What to do
Print every line of the listing below, starting with the line that holds "Алматинцы утром 1" and going on through the line that holds "8. Pink Knit Vest With a Flowing Skirt", both included, and print nothing else.

Dataset records
_ _ _ _ _
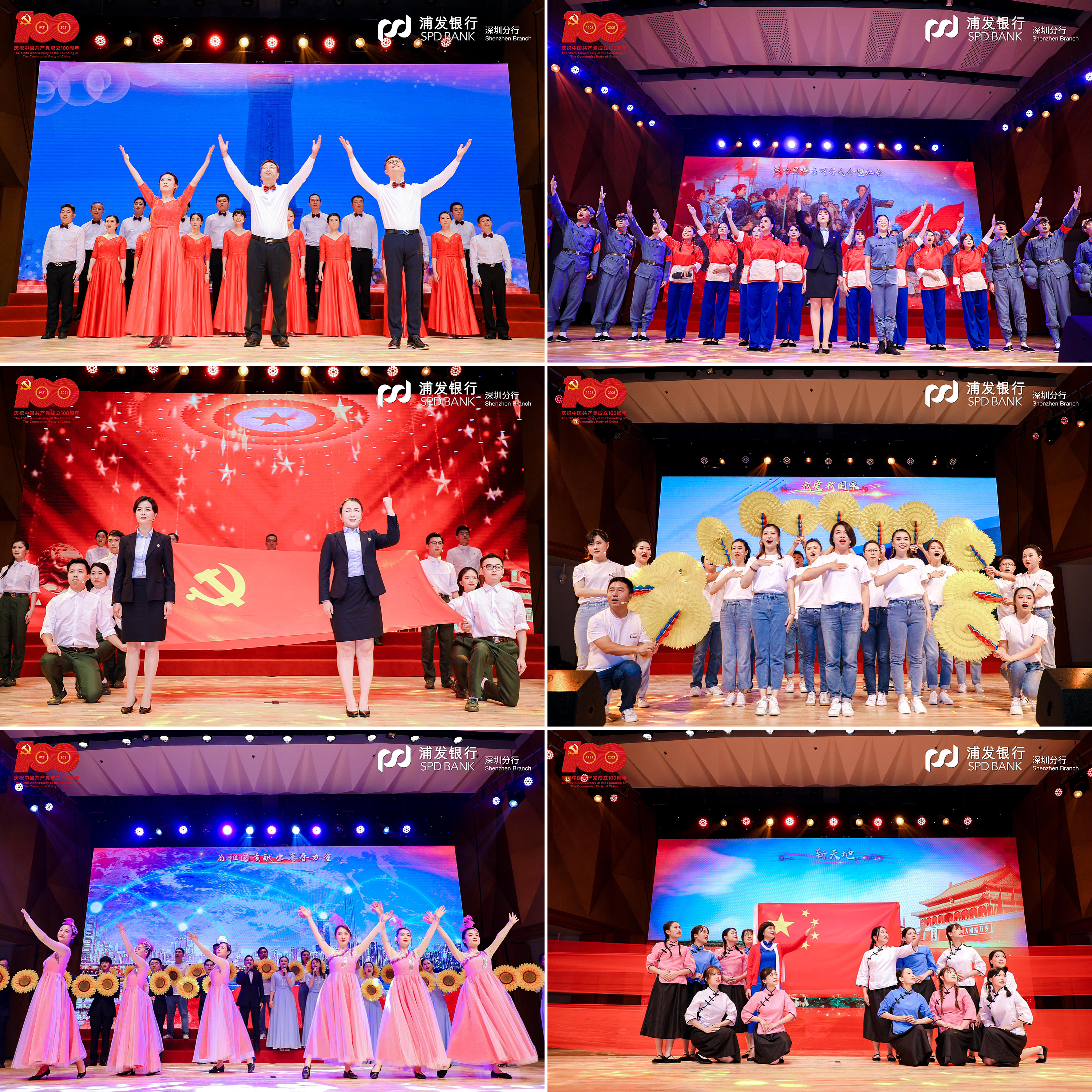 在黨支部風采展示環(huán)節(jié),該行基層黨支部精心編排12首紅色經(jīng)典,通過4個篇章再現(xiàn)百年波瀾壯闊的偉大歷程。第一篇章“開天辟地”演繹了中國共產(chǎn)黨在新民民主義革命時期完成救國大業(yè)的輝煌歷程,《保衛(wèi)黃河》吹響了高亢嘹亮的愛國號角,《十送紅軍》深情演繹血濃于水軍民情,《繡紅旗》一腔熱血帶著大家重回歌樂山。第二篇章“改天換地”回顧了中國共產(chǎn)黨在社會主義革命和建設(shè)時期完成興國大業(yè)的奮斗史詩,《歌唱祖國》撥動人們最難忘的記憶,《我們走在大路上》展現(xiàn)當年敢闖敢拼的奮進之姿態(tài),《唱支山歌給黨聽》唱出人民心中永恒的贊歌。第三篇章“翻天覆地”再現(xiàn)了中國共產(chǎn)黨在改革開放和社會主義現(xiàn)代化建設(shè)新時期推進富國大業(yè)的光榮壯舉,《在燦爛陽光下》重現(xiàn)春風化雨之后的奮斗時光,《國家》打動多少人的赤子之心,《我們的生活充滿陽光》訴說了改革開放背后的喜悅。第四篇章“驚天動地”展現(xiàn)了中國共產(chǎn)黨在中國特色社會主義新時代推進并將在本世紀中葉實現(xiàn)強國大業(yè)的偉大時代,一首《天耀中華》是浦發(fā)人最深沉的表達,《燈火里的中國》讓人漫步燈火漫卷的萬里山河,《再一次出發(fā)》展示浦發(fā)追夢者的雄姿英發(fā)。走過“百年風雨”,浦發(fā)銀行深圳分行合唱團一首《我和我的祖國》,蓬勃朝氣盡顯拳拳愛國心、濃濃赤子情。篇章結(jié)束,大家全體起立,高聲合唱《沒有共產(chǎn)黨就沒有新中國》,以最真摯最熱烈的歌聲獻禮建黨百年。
_ _ _ _ _
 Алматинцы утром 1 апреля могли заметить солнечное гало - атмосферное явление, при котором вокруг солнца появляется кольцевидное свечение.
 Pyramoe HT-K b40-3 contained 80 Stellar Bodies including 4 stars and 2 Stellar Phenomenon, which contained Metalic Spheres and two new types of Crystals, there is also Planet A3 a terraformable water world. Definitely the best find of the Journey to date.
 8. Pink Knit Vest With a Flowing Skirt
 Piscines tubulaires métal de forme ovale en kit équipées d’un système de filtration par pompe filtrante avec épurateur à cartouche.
_ _ _ _ _
Result of this task
 Алматинцы утром 1 апреля могли заметить солнечное гало - атмосферное явление, при котором вокруг солнца появляется кольцевидное свечение.
 Pyramoe HT-K b40-3 contained 80 Stellar Bodies including 4 stars and 2 Stellar Phenomenon, which contained Metalic Spheres and two new types of Crystals, there is also Planet A3 a terraformable water world. Definitely the best find of the Journey to date.
 8. Pink Knit Vest With a Flowing Skirt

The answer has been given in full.